# Sharing A Few Acres



## .45

It just amaze's me that so many creatures can share the same space in just a few acre's. Most of the animals we have seen for 3 to 4 years, this is the 3rd year for the pheasants, the 4th year on the female fox, the skunk is a newcomer this year, as is the Western Kingbird. The birds come and go. Even the house cat has lived in the area for about 4 years.

Sorry about the quality of pictures, sometimes I don't care to get too close to some of the animals.

Less than a mile from my home... :?


----------



## WeaselBrandGameCalls

Great batch of photos.


----------



## Cooky

Cool. I know we aren’t supposed to like foxes but I do. You mentioned you were going to get a new camera a while back what did you end up with?


----------



## .45

Thanks guys!

Cooky.....I did buy a new camera. I picked up a Canon T3i with the high dollar 300mm lense. I didn't much care for the set-up, so I've already sold the lense, the camera is for sale if you're interested. 
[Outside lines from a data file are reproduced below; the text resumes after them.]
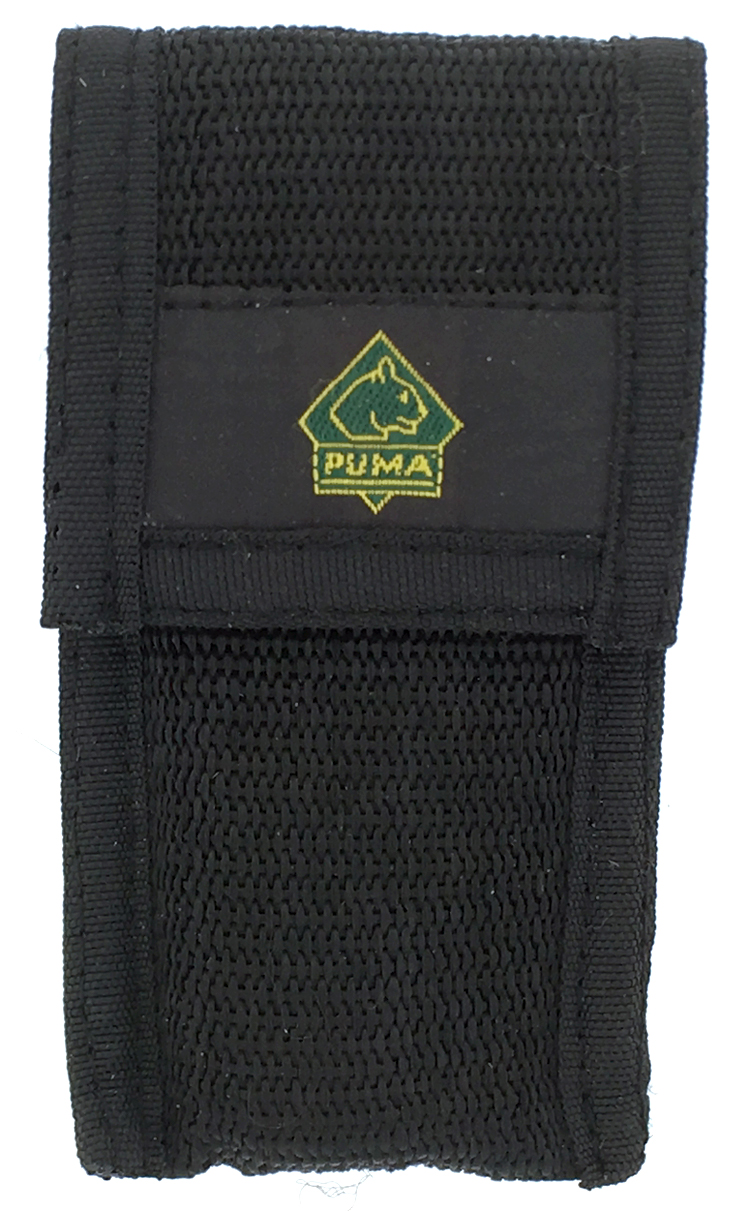 This fine, handmade knife is a small lock back and has green ABS handles, matte finished stainless steel bolsters and liners. Blade is high carbon stainless steel with long nail pull. Does have a small crack in the handle by inlaid shield. Brand new in box with Puma nylon sheath.
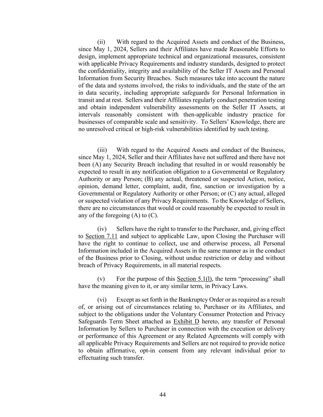 44 (ii) With regard to the Acquired Assets and conduct of the Business, since May 1, 2024, Sellers and their Affiliates have made Reasonable Efforts to design, implement appropriate technical and organizational measures, consistent with applicable Privacy Requirements and industry standards, designed to protect the confidentiality, integrity and availability of the Seller IT Assets and Personal Information from Security Breaches. Such measures take into account the nature of the data and systems involved, the risks to individuals, and the state of the art in data security, including appropriate safeguards for Personal Information in transit and at rest. Sellers and their Affiliates regularly conduct penetration testing and obtain independent vulnerability assessments on the Seller IT Assets, at intervals reasonably consistent with then-applicable industry practice for businesses of comparable scale and sensitivity. To Sellers’ Knowledge, there are no unresolved critical or high-risk vulnerabilities identified by such testing. (iii) With regard to the Acquired Assets and conduct of the Business, since May 1, 2024, Seller and their Affiliates have not suffered and there have not been (A) any Security Breach including that resulted in or would reasonably be expected to result in any notification obligation to a Governmental or Regulatory Authority or any Person; (B) any actual, threatened or suspected Action, notice, opinion, demand letter, complaint, audit, fine, sanction or investigation by a Governmental or Regulatory Authority or other Person; or (C) any actual, alleged or suspected violation of any Privacy Requirements. To the Knowledge of Sellers, there are no circumstances that would or could reasonably be expected to result in any of the foregoing (A) to (C). (iv) Sellers have the right to transfer to the Purchaser, and, giving effect to Section 7.11 and subject to applicable Law, upon Closing the Purchaser will have the right to continue to collect, use and otherwise process, all Personal Information included in the Acquired Assets in the same manner as in the conduct of the Business prior to Closing, without undue restriction or delay and without breach of Privacy Requirements, in all material respects. (v) For the purpose of this Section 5.1(l), the term “processing” shall have the meaning given to it, or any similar term, in Privacy Laws. (vi) Except as set forth in the Bankruptcy Order or as required as a result of, or arising out of circumstances relating to, Purchaser or its Affiliates, and subject to the obligations under the Voluntary Consumer Protection and Privacy Safeguards Term Sheet attached as Exhibit D hereto, any transfer of Personal Information by Sellers to Purchaser in connection with the execution or delivery or performance of this Agreement or any Related Agreements will comply with all applicable Privacy Requirements and Sellers are not required to provide notice to obtain affirmative, opt-in consent from any relevant individual prior to effectuating such transfer.
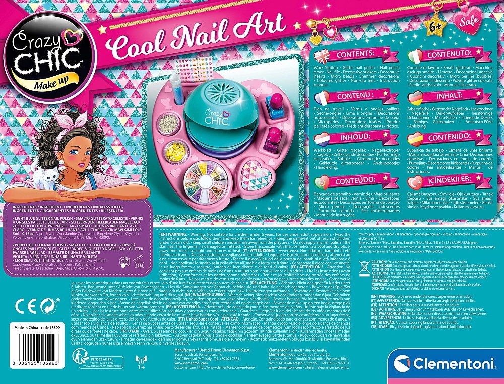 Contiene muchos esmaltes de uñas de colores, limas de uñas, purpurina y una selección de decoraciones de uñas.
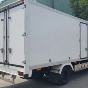 Xe có kết cấu thùng chặt chẽ, biên sàn sắt chấn dập, sàn thùng composit chống trượt, vách ngoài thùng và vách trong thùng đều là composit chống trượt. Lớp cách nhiệt styrofoam. Cửa sau 2 cửa inox 30×4. Lớp pholystyrene xốp dày 70-80mm giúp ngăn chặn tuyệt đối sự truyền nhiệt từ bên ngoài. Cửa hông thùng được thiết kế âm, các chi tiết bản lề và tay khoá được làm bằng inox 304
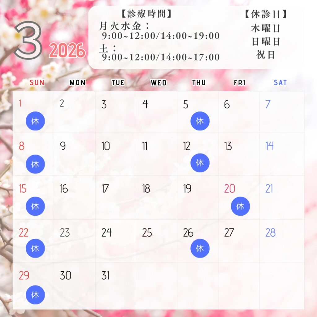 3月の診療日・休診日のお知らせ
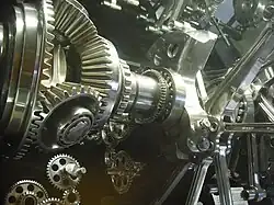 Teil einer Maschine bestehend aus zahlreichen Maschinenelementen (Zahnräder, Wälzlager, Kurbelwellen)
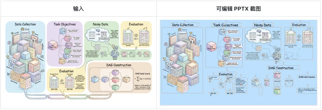更进一步,系统会对这张草稿图进行图文内容分割 —— 自动识别其中的文字、图表、结构模块、图标/子图等,并记录每个元素的位置和类型。这样生成的 “图 + 元素 metadata” 并不是一张 png 图像,而是一组独立可操作的图文、图标或表格块。用户可以在 PPT 中自由移动、编辑、替换、重新布局 —— 获得可编辑且结构清晰的科研图 + 演示文档。
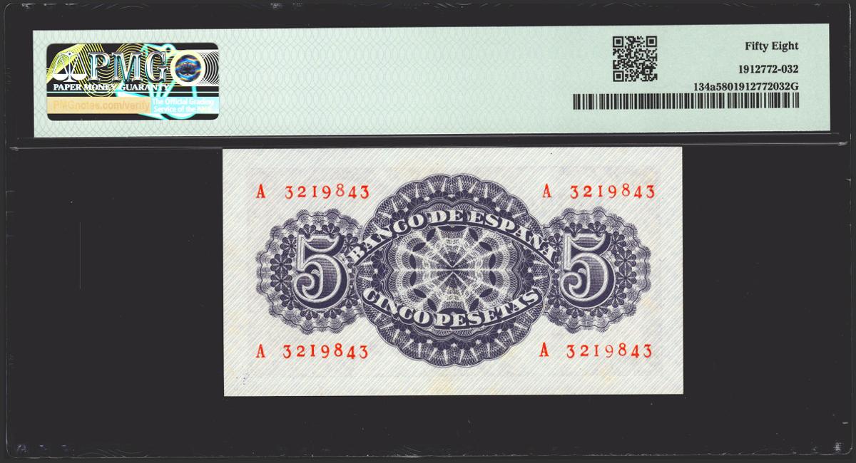 5 Pesetas. 12 de Abril de 1947. Serie A. (Edifil 2021: 454a, Pick: 134a). EBC++. Encapsulado PMG58.
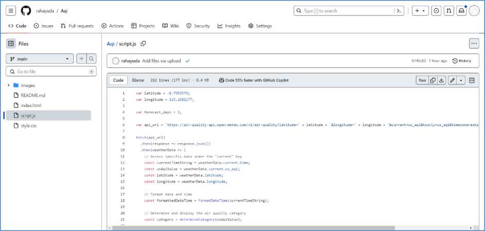 Menerapkan desain ke dalam kode sumber Sistem Monitoring Indeks Kualitas Udara melibatkan integrasi HTML, CSS, dan JavaScript sebagai komponen utama. HTML digunakan untuk menentukan struktur dan elemen-elemen pada halaman web, CSS bertanggung jawab atas penataan dan tampilan estetika, sementara JavaScript memberikan fungsionalitas dinamis dan interaktivitas pada halaman. Dalam repository GitHub, terdapat tangkapan layar (screenshot) yang mencerminkan struktur folder dan berkas serta beberapa cuplikan kode krusial terlihat pada gambar 1. index.html merupakan berkas utama yang menentukan struktur dan konten dari halaman web. Di dalamnya, elemen-elemen HTML ditempatkan untuk membangun antarmuka pengguna. Struktur yang terorganisir memudahkan pemahaman dan pemeliharaan kode. script.js adalah berkas JavaScript yang memberikan logika dan interaktivitas pada halaman. Dengan menggunakan JavaScript, Sistem Monitoring Indeks Kualitas Udara dapat mengambil data dari API, memproses informasi, dan mengupdate tampilan secara dinamis tanpa perlu me-refresh halaman. style.css berperan dalam mendefinisikan tata letak dan tampilan estetika elemen-elemen HTML. Melalui CSS, warna, ukuran, dan posisi elemen dapat diatur untuk menciptakan antarmuka pengguna yang menarik dan mudah dibaca.
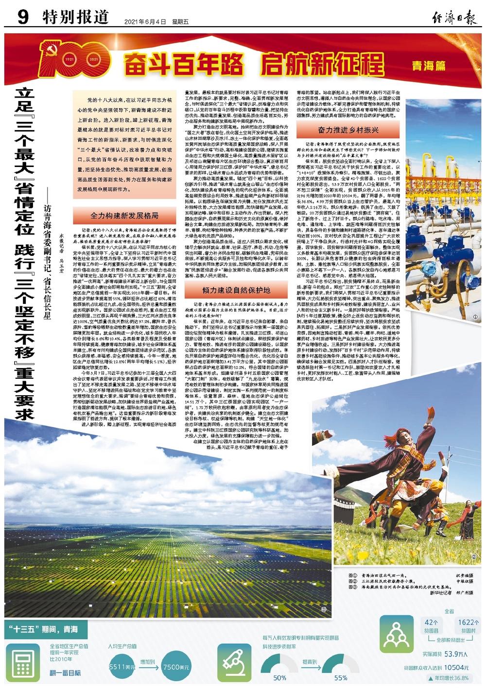今年3月7日,习近平总书记参加十三届全国人大四次会议青海代表团审议并发表重要讲话,对青海工作提出了坚定不移走高质量发展之路、坚定不移做中华水塔守护人、坚定不移增进民生福祉和在党史学习教育中坚定理想信念的重大要求,强调“要结合青海优势和资源,贯彻创新驱动发展战略,加快建设世界级盐湖产业基地,打造国家清洁能源产业高地、国际生态旅游目的地、绿色有机农畜产品输出地”。这些重要指示为新阶段青海发展指明了前进方向、提供了根本遵循。
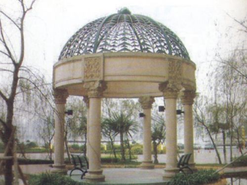 凉亭。凉亭形状都是小巧玲珑,四面敞开,通风透光,是供游人休息和观景的一种园林建筑。凉亭的特点是周围开敞,在造型上相对的小而集中,因此,凉亭常与山、水、绿化结合起来组景,我国古典园林中的凉亭,特别讲究装饰,可起点缀园景和建立观景点的作用。
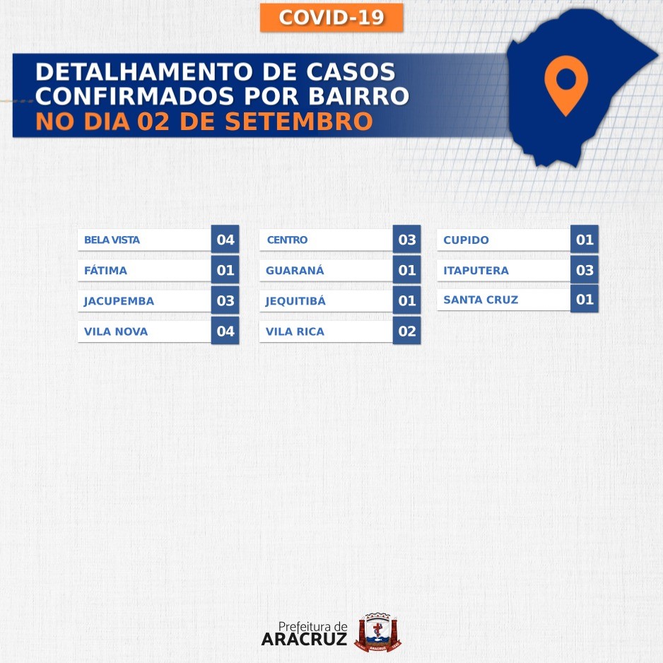 O município de Aracruz registrou 24 casos confirmados de Covid-19. Os bairros dos casos confirmados de hoje podem ser conferidos no segundo card desta publicação.
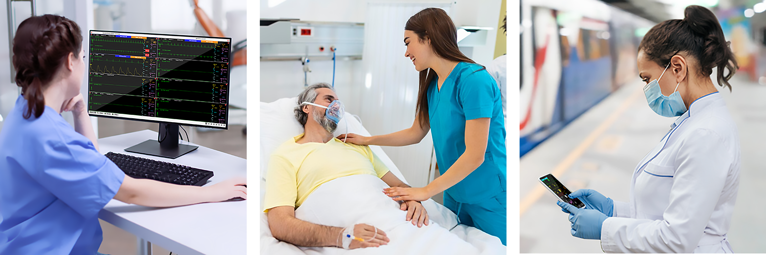 XH-30 掌式生命体征监护仪,在多病人模式下支持与其他系统的互联互通,可以将已保存的数据通过 RJ45 网络接口以及 WIFI 将存储数据采用 HL7 协议传输至医院信息系统平台,可以通过 RS232 接口,蓝牙通信功能采用自有协议传输数据,可以轻易连接 PC 软件或者移动端应用。在单病人监护模式下,可以与惟拓力医疗中央监护系统互联,实现中央监护系统功能。
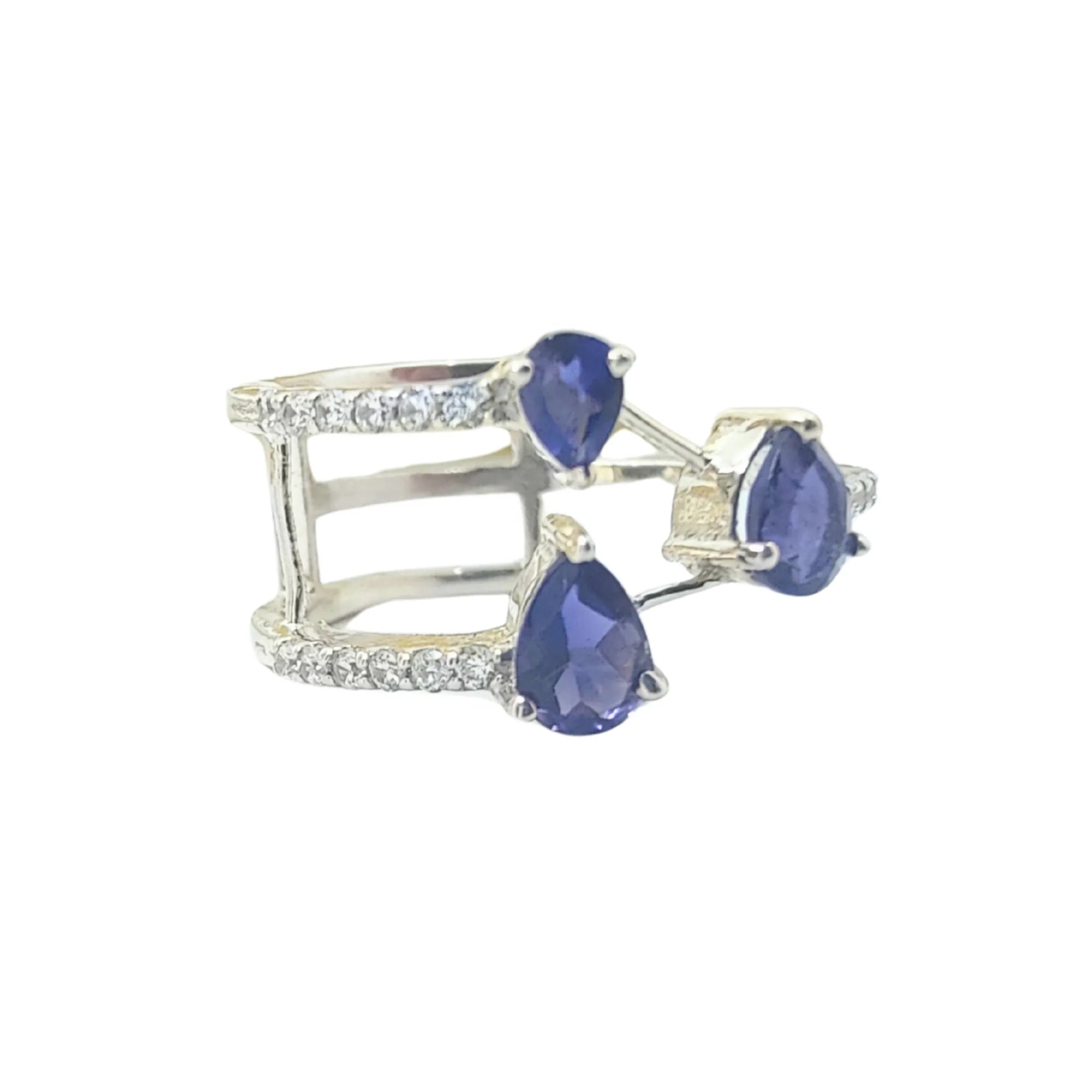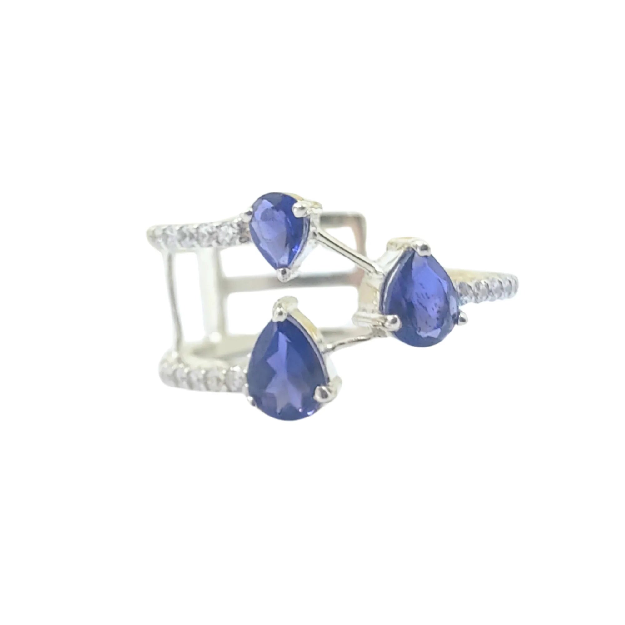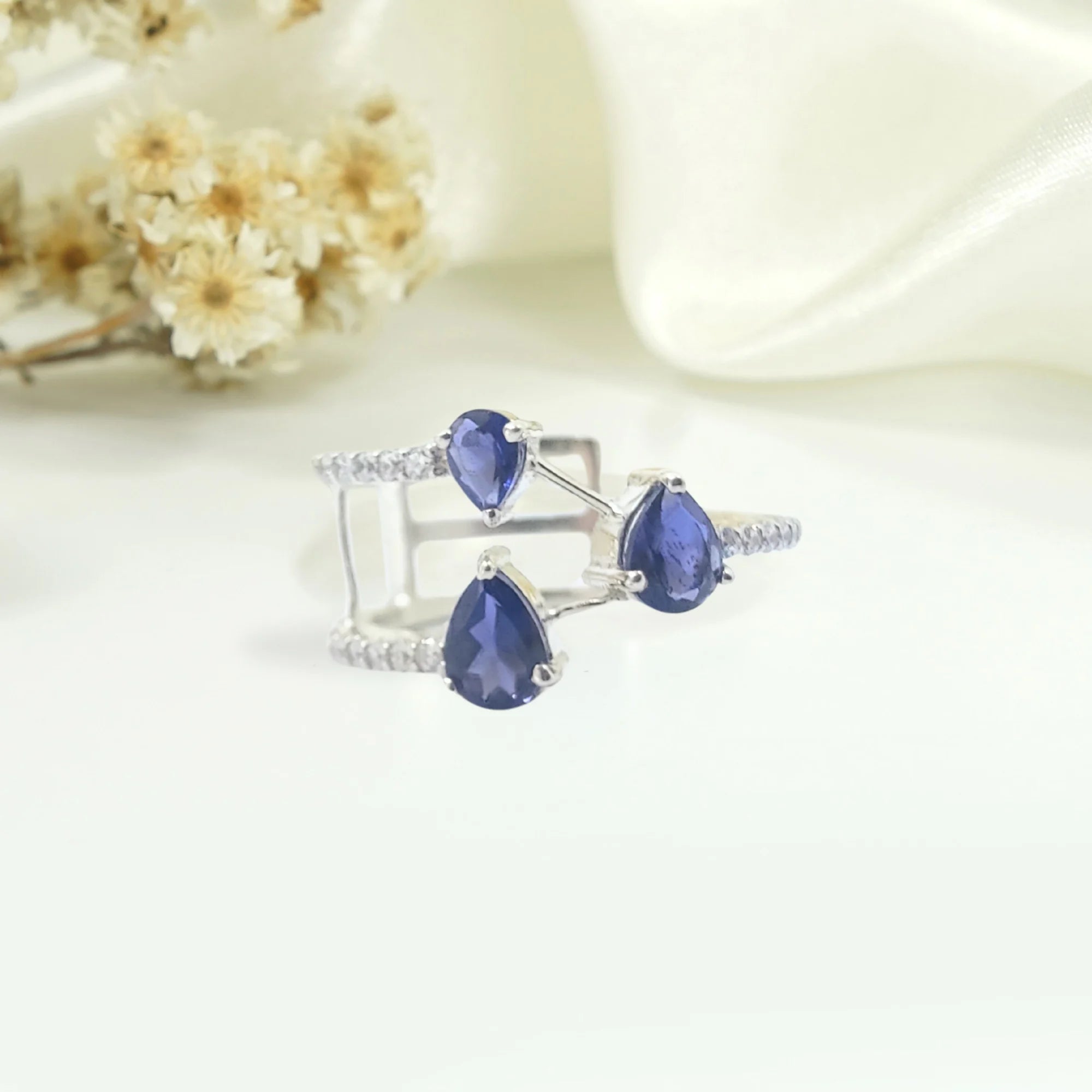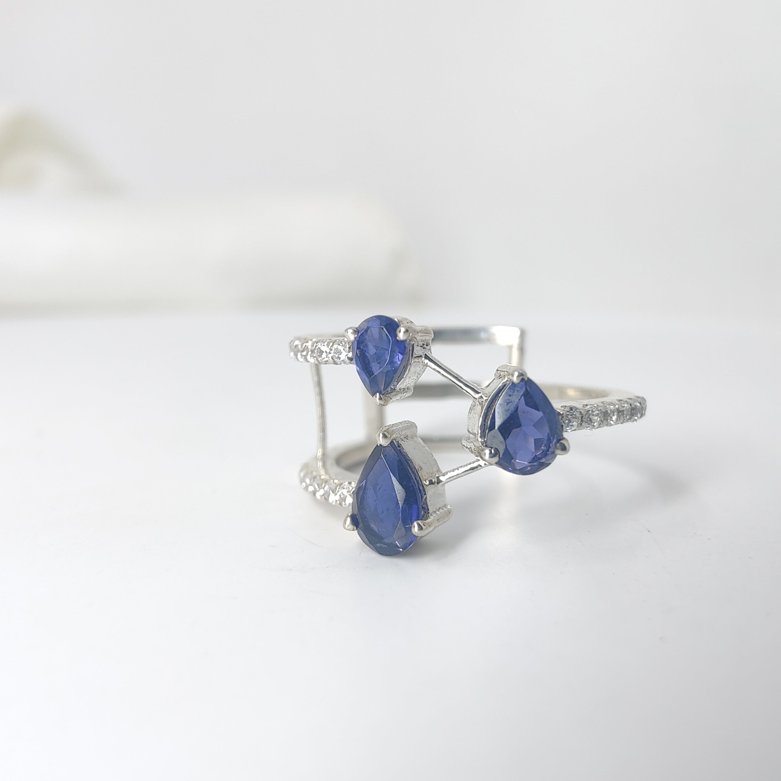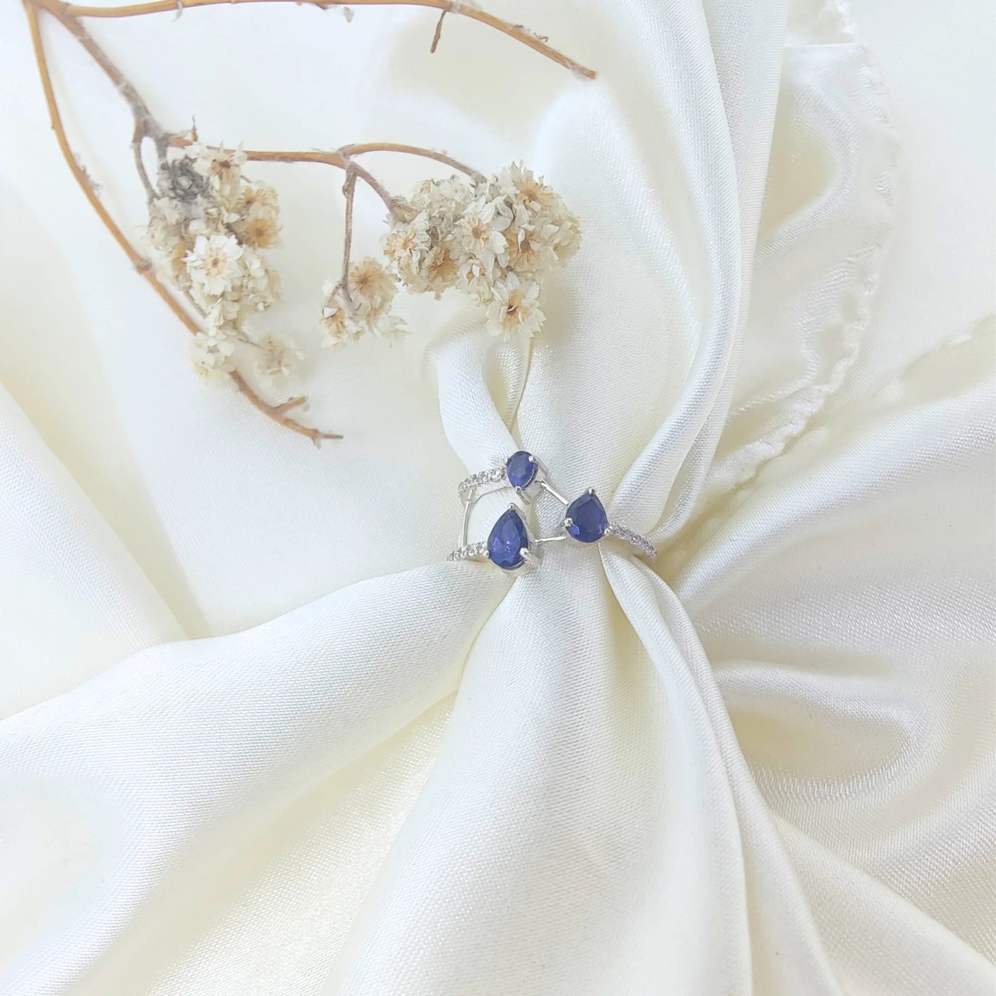 This handcrafted ring features a vivid teardrop blue stone accented with sparkling diamond simulants, symbolizing serenity, clarity, and sophistication. Expertly set in hallmarked 925 Sterling Silver, its adjustable design ensures comfort and versatility, making it a perfect choice for everyday wear or special celebrations.

These picture's were shot with a cheaper and smaller Canon.


----------



## Catherder

Awesome pics as always! Superbly done. :O||: I have greatly missed seeing what you and your camera have come up with.


----------



## Bax*

FANTASTIC pics .45! You really got some quality pics there 8)


----------



## threshershark

Looking good Festus!


----------



## sawsman

Nice ones!

Garfield the cat looks healthy. Must be stealing some of the Alpo... :O•-:


----------



## Ifish

Nice pictures .45! My father-in-law actually had a Mama skunk that lived in the culvert that ran under his driveway leading to the back of his property. She became comfortable enough with him she followed him around like a cat. He would lead her into the barn, got her hay when it was winter time, when she had her babies they were right there along for the ride and she never once acted like she didn't love him. It was a crazy thing, but pretty cool.


----------



## Al Hansen

8)


----------



## Huntoholic

Nice job on the Photo's.

I really like the skunk..........


----------